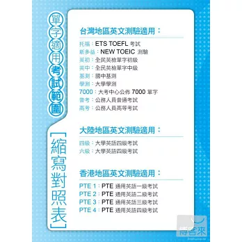 適用最廣──完全適用學測、基測、推甄、TOEFL、TOEIC、高普考、英檢初中級、大陸四六級、香港PTE測驗
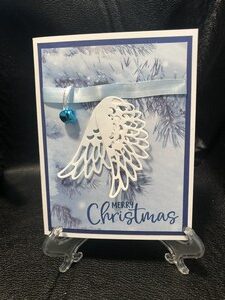 Angel wings, what thought comes to your mind? I made this card for someone who lost a very dear loved one. Although it won’t bring them back you can at least ring the bell and know that an angel will receive their wings at Christmas.
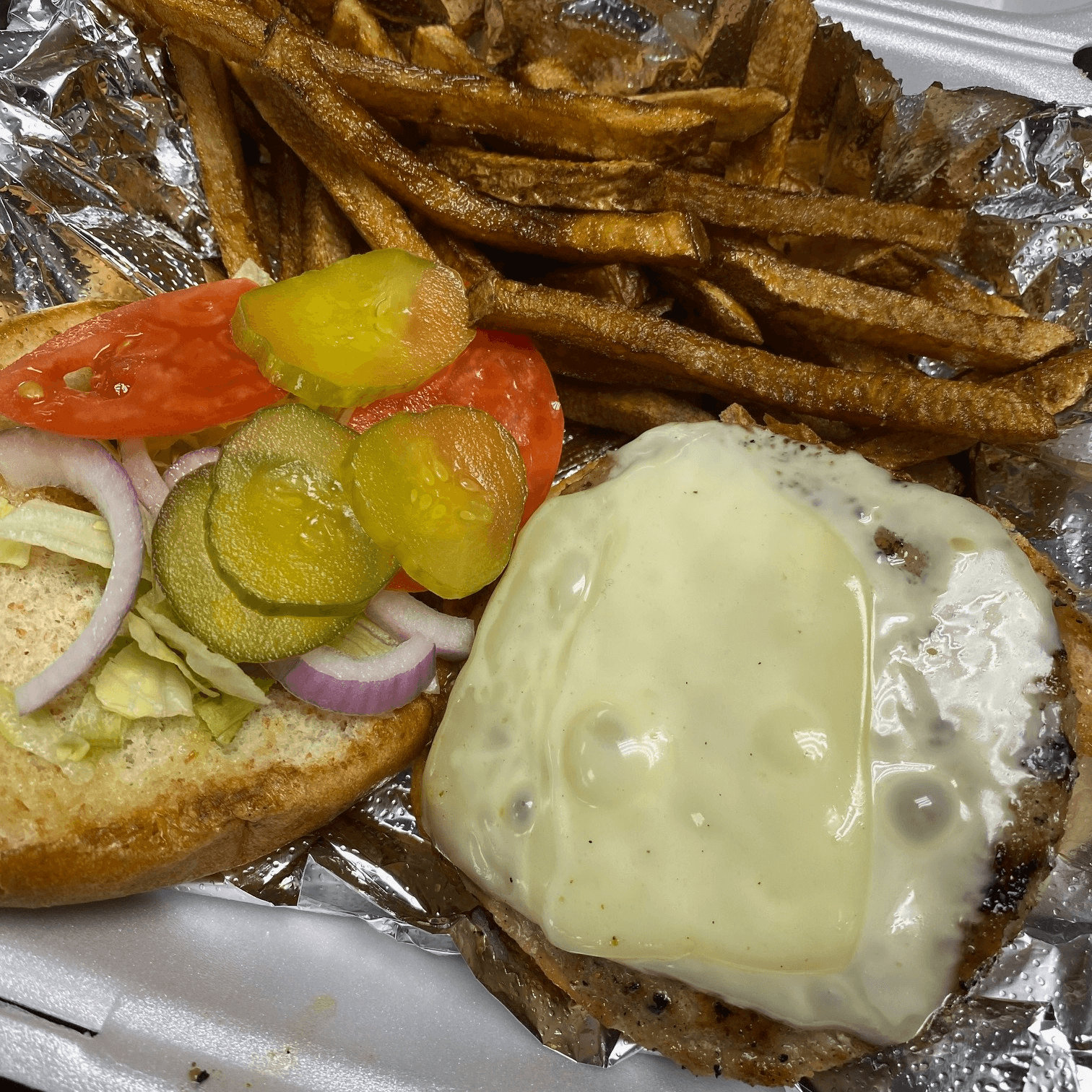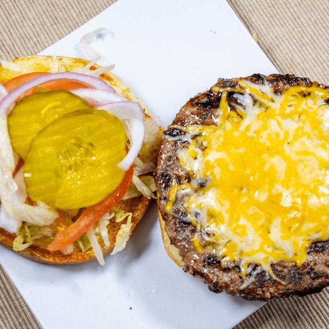 All burgers comes w/ lettuce, tomatoes, onions, and pickles

* _WHAT THE TASK REQUIRES_
All of the material above must be retyped exactly, line for line, with the images dropped.

* _PROBLEM SOLUTION_
 適用最廣──完全適用學測、基測、推甄、TOEFL、TOEIC、高普考、英檢初中級、大陸四六級、香港PTE測驗
 Angel wings, what thought comes to your mind? I made this card for someone who lost a very dear loved one. Although it won’t bring them back you can at least ring the bell and know that an angel will receive their wings at Christmas.
 All burgers comes w/ lettuce, tomatoes, onions, and pickles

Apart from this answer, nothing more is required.